Would-be bomber was ‘extraordinary’ witness
A would-be suicide bomber was sentenced Friday to 10 years in prison after federal officials hailed his “extraordinary” work as a witness against Al Qaeda.
Zarein Ahmedzay, 33, has already served most of the time imposed and is likely to walk free within months barely nine years after his arrest.
“I am ashamed to say that I associated myself with people who use Islam to justify terror against innocent people,” the Queens resident said in open court. “I was young, naive and stupid enough to justify it.”
His 2010 move to switch sides and become a cooperating federal witness “was the best decision I ever made,” said Ahmedzay, who was joined in the Brooklyn courtroom by two FBI agents there to offer support.
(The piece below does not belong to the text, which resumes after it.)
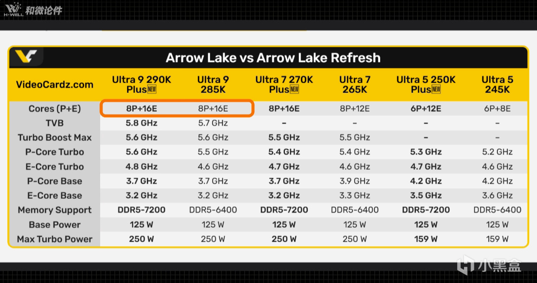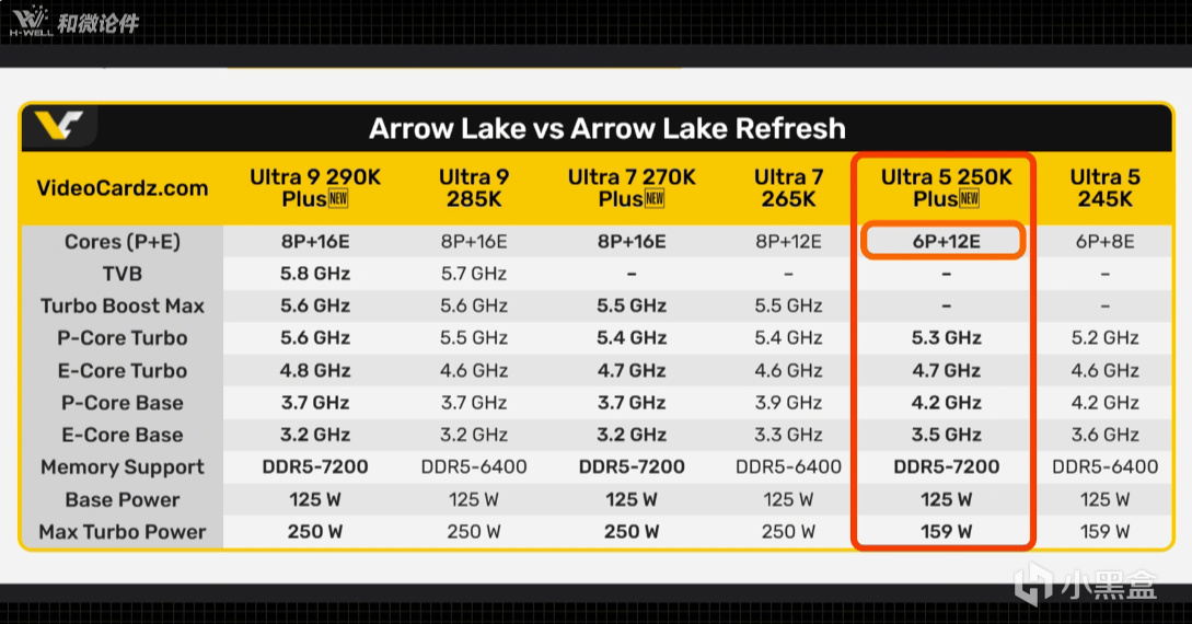 还有250K PLUS,6+12的新规格,比 245K 多 4 个小核,定位有点尴尬。我觉得,如果你想要大核满血,还是直接上 265K 比较稳。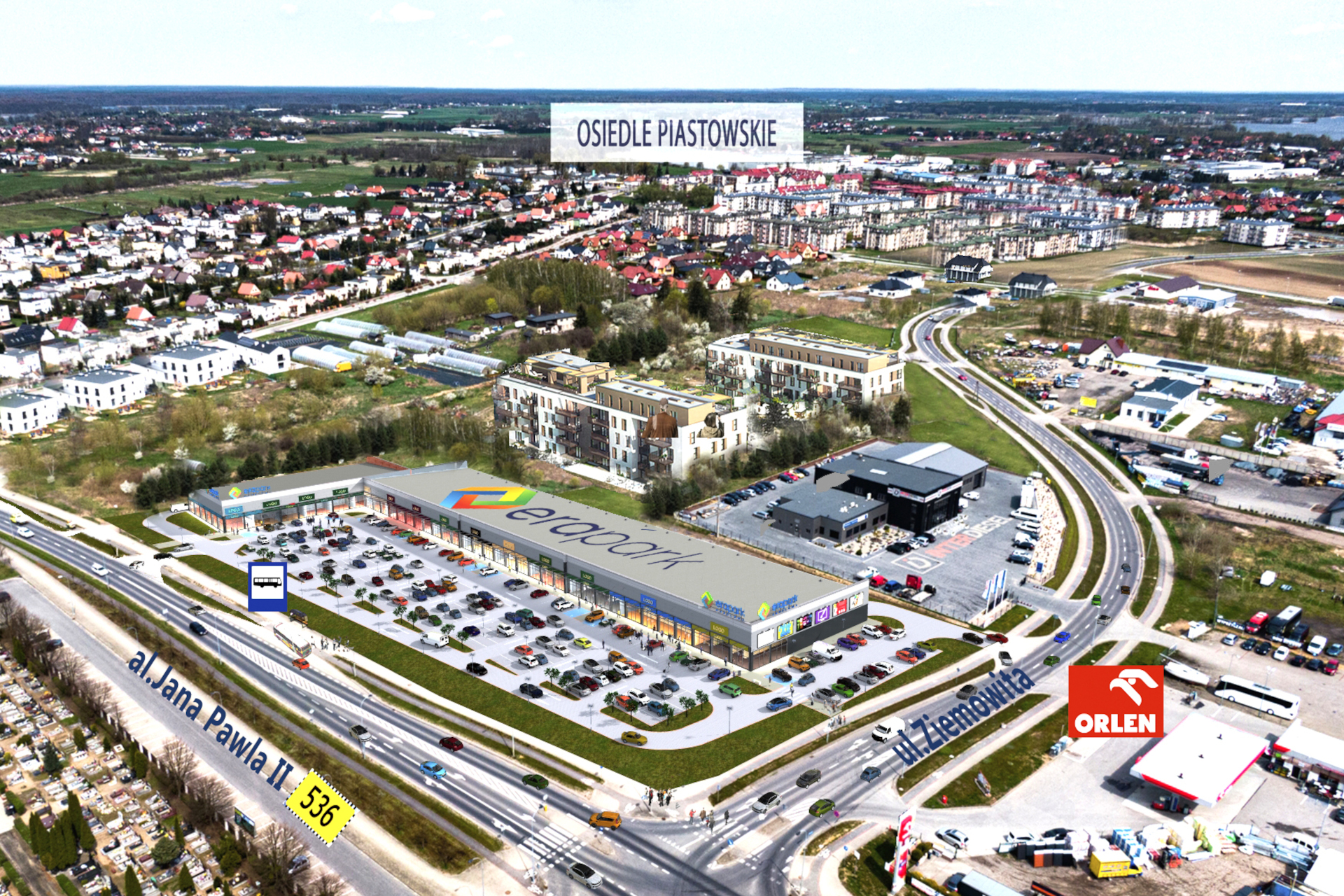 Obiekt posiada 20 lokali handlowo-usługowych, a parking dla klientów liczy 230 miejsc.

Assistant U.S. Attorney Douglas Pravda laid out a litany of Ahmedzay’s efforts in the aftermath of his 2009 arrest for plotting a suicide bombing in the subway. “He’s provided critical intelligence about Al Qaeda, both about its internal workings and its external operations,” he said. “He has completely disavowed the person he used to be.”
A 20-page filing by the Brooklyn Federal Attorney Richard Donoghue detailed how Ahmedzay met with investigators on more than 100 occasions, viewed hundreds of photos and testified at three terrorism trials.
Ahmedzay became a cooperating witness six months after he was arrested for volunteering as a suicide bombers targeting the country’s largest subway system.